Task: Beginning with the line that holds "Ferrari 348 spider" in the data below, give again every line through the one that holds "Abstrakcyjne akwarelowe plamy", exactly as written.

Data for review:
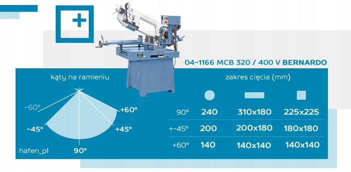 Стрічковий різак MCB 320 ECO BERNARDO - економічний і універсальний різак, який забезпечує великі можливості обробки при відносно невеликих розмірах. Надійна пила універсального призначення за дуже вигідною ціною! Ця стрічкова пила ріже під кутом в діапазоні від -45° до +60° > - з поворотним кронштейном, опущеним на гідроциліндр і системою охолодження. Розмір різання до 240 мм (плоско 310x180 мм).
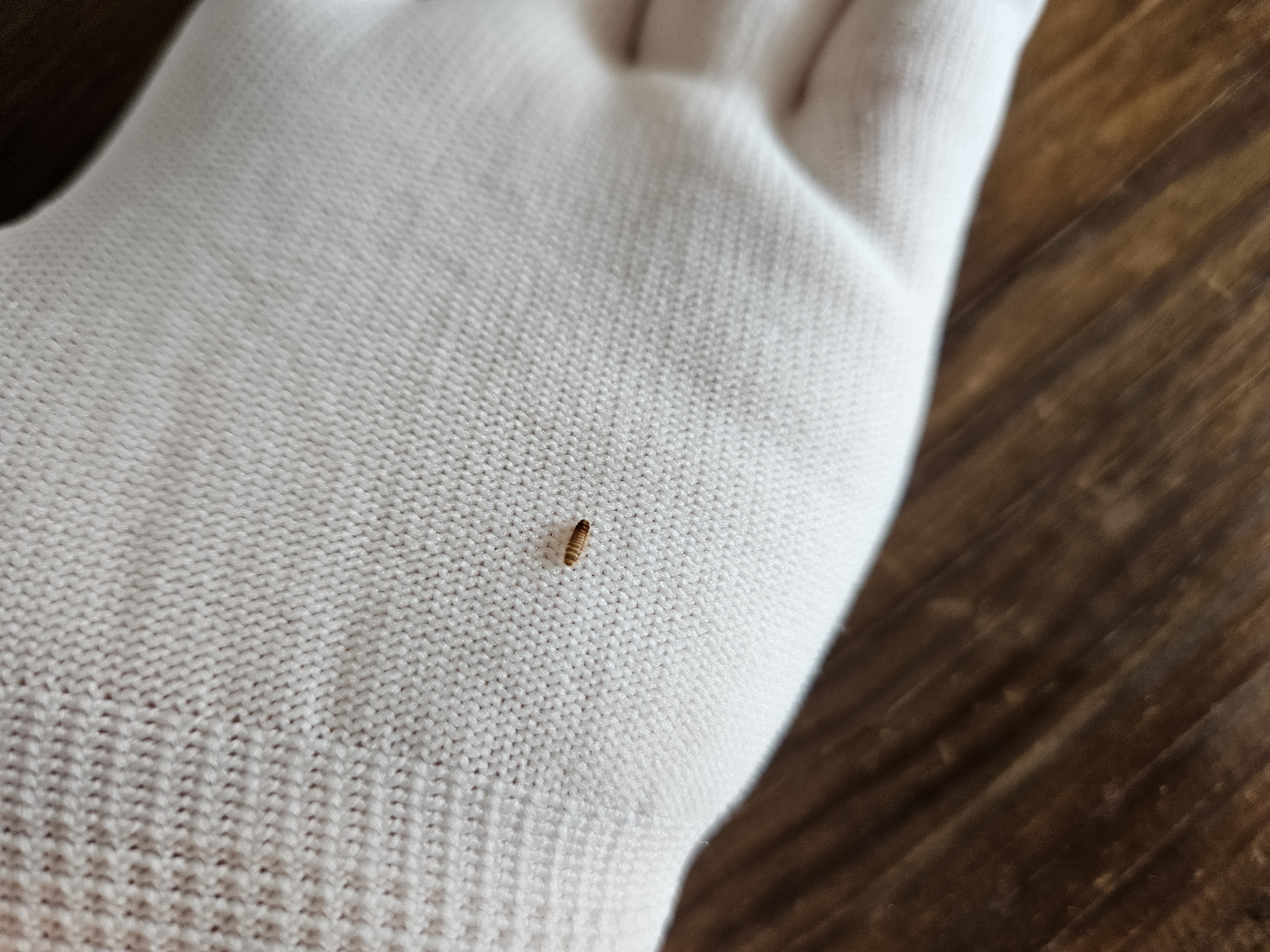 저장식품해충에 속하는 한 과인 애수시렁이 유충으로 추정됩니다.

---

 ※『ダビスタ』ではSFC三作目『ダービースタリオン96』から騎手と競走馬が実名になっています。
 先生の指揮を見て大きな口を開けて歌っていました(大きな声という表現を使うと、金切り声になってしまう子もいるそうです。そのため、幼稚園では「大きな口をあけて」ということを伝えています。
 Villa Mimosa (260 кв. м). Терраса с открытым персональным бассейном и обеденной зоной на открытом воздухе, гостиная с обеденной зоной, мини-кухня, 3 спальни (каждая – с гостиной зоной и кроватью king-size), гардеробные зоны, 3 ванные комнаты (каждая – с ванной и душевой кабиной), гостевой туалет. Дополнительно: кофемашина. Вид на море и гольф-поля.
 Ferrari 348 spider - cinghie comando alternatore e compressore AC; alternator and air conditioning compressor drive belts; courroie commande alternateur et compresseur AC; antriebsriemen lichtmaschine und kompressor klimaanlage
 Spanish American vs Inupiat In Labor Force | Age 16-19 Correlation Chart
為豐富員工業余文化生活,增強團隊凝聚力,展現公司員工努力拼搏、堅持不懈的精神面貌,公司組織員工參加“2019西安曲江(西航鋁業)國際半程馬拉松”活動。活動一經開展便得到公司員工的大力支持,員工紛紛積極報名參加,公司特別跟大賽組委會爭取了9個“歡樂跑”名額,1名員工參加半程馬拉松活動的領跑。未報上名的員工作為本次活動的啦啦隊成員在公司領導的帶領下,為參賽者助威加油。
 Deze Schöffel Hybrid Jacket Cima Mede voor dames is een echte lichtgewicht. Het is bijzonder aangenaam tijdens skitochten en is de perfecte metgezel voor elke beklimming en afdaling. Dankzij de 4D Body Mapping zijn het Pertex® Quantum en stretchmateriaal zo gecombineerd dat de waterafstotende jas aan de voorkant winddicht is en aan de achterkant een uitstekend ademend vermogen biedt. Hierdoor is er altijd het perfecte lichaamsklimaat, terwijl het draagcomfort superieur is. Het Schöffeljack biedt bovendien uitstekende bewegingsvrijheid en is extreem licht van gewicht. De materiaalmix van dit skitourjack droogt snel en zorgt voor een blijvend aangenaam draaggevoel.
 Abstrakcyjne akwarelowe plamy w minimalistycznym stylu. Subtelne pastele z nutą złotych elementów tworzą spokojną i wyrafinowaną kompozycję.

Answer for the task:
 Ferrari 348 spider - cinghie comando alternatore e compressore AC; alternator and air conditioning compressor drive belts; courroie commande alternateur et compresseur AC; antriebsriemen lichtmaschine und kompressor klimaanlage
 Spanish American vs Inupiat In Labor Force | Age 16-19 Correlation Chart
為豐富員工業余文化生活,增強團隊凝聚力,展現公司員工努力拼搏、堅持不懈的精神面貌,公司組織員工參加“2019西安曲江(西航鋁業)國際半程馬拉松”活動。活動一經開展便得到公司員工的大力支持,員工紛紛積極報名參加,公司特別跟大賽組委會爭取了9個“歡樂跑”名額,1名員工參加半程馬拉松活動的領跑。未報上名的員工作為本次活動的啦啦隊成員在公司領導的帶領下,為參賽者助威加油。
 Deze Schöffel Hybrid Jacket Cima Mede voor dames is een echte lichtgewicht. Het is bijzonder aangenaam tijdens skitochten en is de perfecte metgezel voor elke beklimming en afdaling. Dankzij de 4D Body Mapping zijn het Pertex® Quantum en stretchmateriaal zo gecombineerd dat de waterafstotende jas aan de voorkant winddicht is en aan de achterkant een uitstekend ademend vermogen biedt. Hierdoor is er altijd het perfecte lichaamsklimaat, terwijl het draagcomfort superieur is. Het Schöffeljack biedt bovendien uitstekende bewegingsvrijheid en is extreem licht van gewicht. De materiaalmix van dit skitourjack droogt snel en zorgt voor een blijvend aangenaam draaggevoel.
 Abstrakcyjne akwarelowe plamy w minimalistycznym stylu. Subtelne pastele z nutą złotych elementów tworzą spokojną i wyrafinowaną kompozycję.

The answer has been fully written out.